The rapid economic expansion reinvigorated old industrial areas: the Basque Country and Ferrol northern coast (iron and steel, shipbuilding), and in and around Barcelona (machinery, textiles, cars and petrochemicals). It also drove an enormous expansion in refining, petrochemicals, chemicals and engineering. To help achieve the rapid development, there was massive government investment through key state-owned companies like the national industrial conglomerate Instituto Nacional de Industria, the mass market car company SEAT in Barcelona, the big steel plant of Ensidesa in Avilés and the shipbuilder Empresa Nacional Bazán.
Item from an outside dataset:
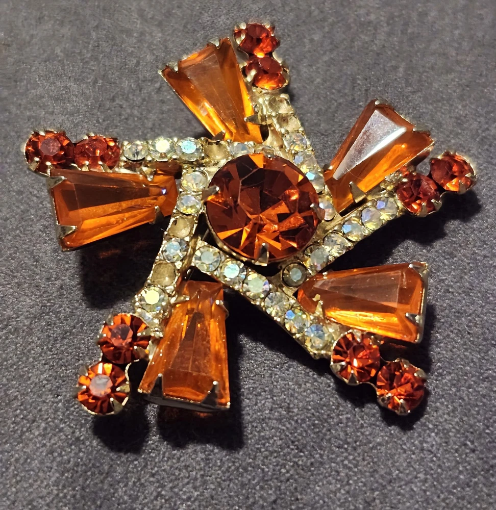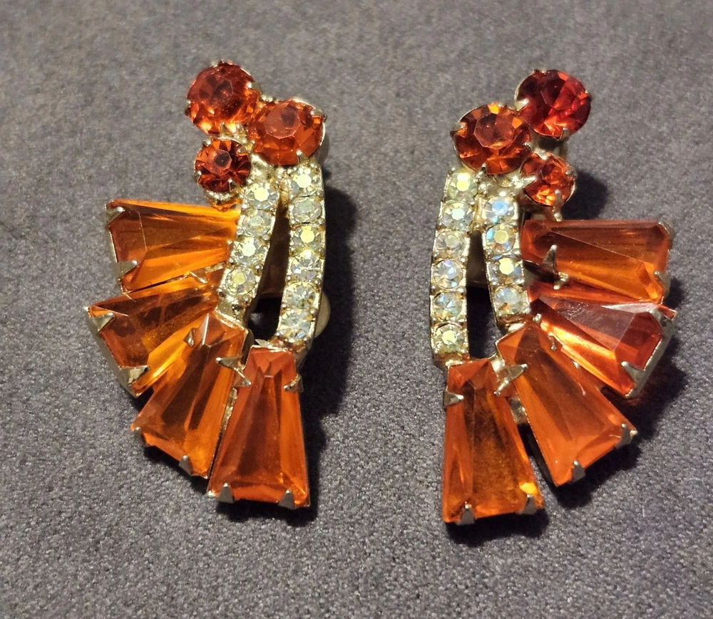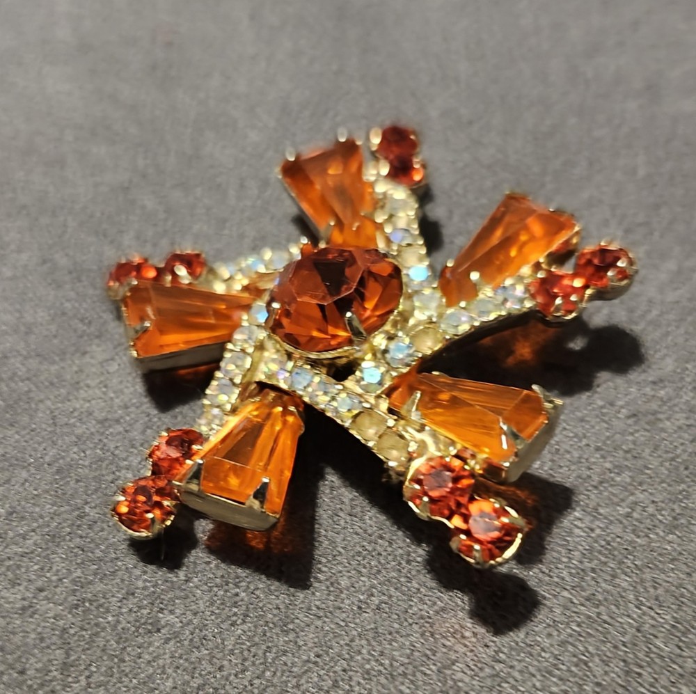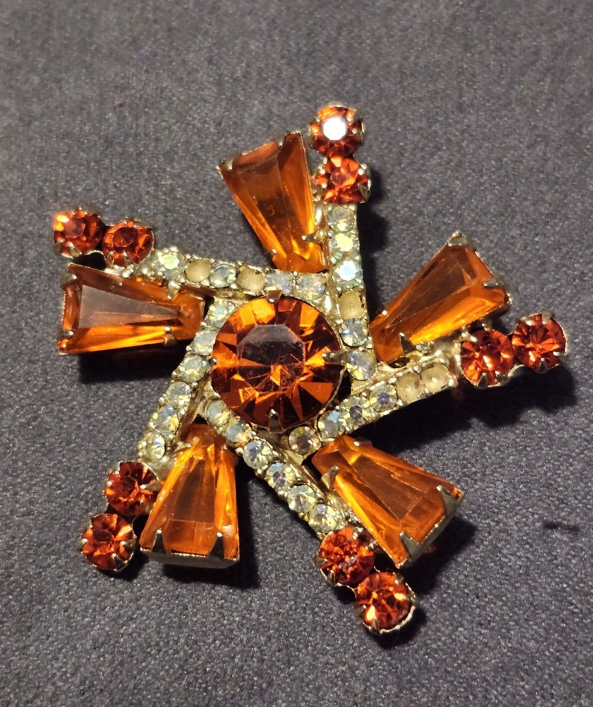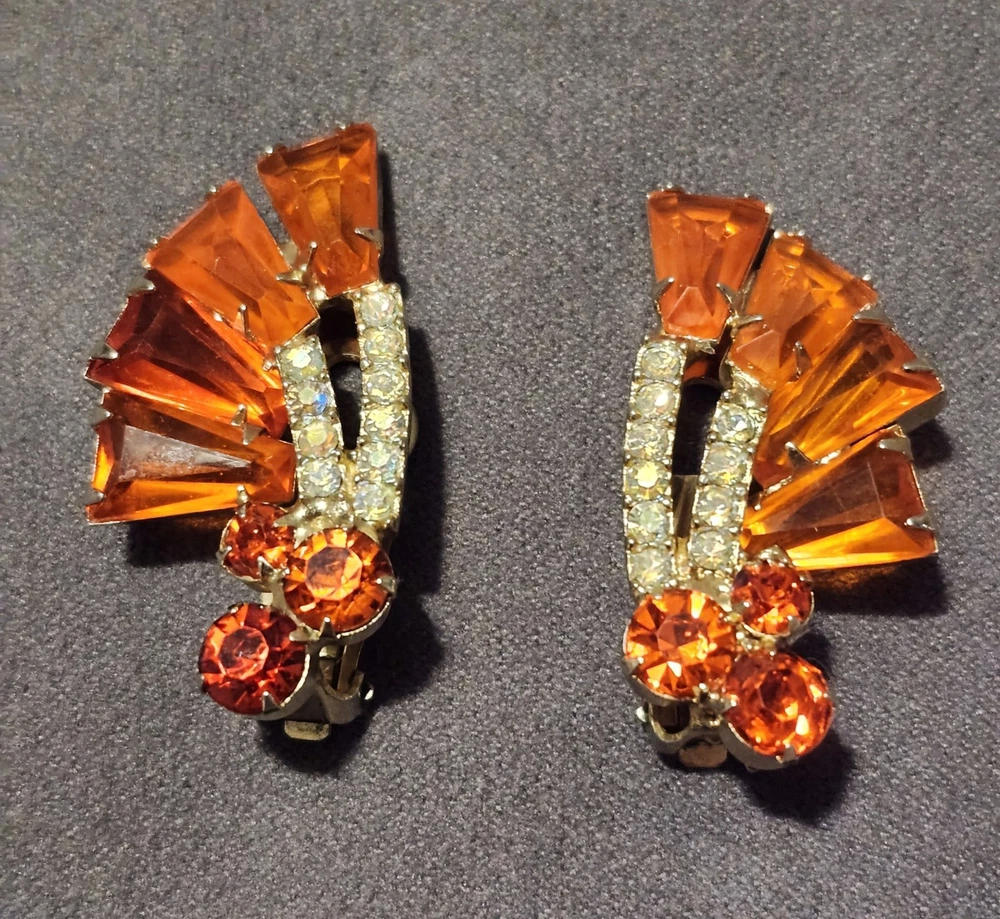 This is a stunning, vintage Juliana demi parure. This rare brooch and matching climber earrings are the hard to find orange. Both the brooch and earrings are featured in the JULIANA JEWELRY REFERENCE IDENTIFICATION & VALUE GUIDE by ANN PITMAN. The orange brooch is item # 4235 and the earrings, which are pictured on page 149, are in red. The earrings I am selling are the rare orange color. Simply beautiful! According to the book, the brooch and earrings in red and ruby are both accented with clear chatons. Only the orange pieces were accented using aurora borealis chatons. Both the brooch and the earrings have shiny goldtone settings. The brooch is a pinwheel of open backed, orange keystones which are accented by deep orange chatons, and aurora borealis crystal chatons. The matching climbers are open backed, orange keystones, also accented with aurora borealis chatons. See pictures for measurements. Please note that there are 5 small AB stones missing from the brooch, (but only noticeable if looking for it.) There are no stones missing from the earrings. Check out my other listings for more jewelry, vintage and antique treasures!

With heavy protection from foreign competition in the domestic Spanish market, those companies led the industrialisation of the country, restoring the prosperity of industrial areas like Barcelona and Bilbao and creating new industrial areas, most notably around Madrid. Although there was economic liberalisation in the period, key enterprises remained under state control.

===Automotive industry===
The automotive industry was one of the most powerful locomotoras (locomotives) of the Spanish Miracle. From 1958 to 1972, it grew at a yearly compound rate of 21.7%. In 1946, there were only 72,000 private cars in Spain, but in 1966, there were over 1 million. That growth rate had no equal in the world. The icon of the desarrollo was the SEAT 600 car, produced by the Spanish state company SEAT. More than 794,000 of them were made between 1957 and 1973. At the beginning of that period, it was the first car for many Spanish working-class families. However, at the end of the period, it was the second car for many more.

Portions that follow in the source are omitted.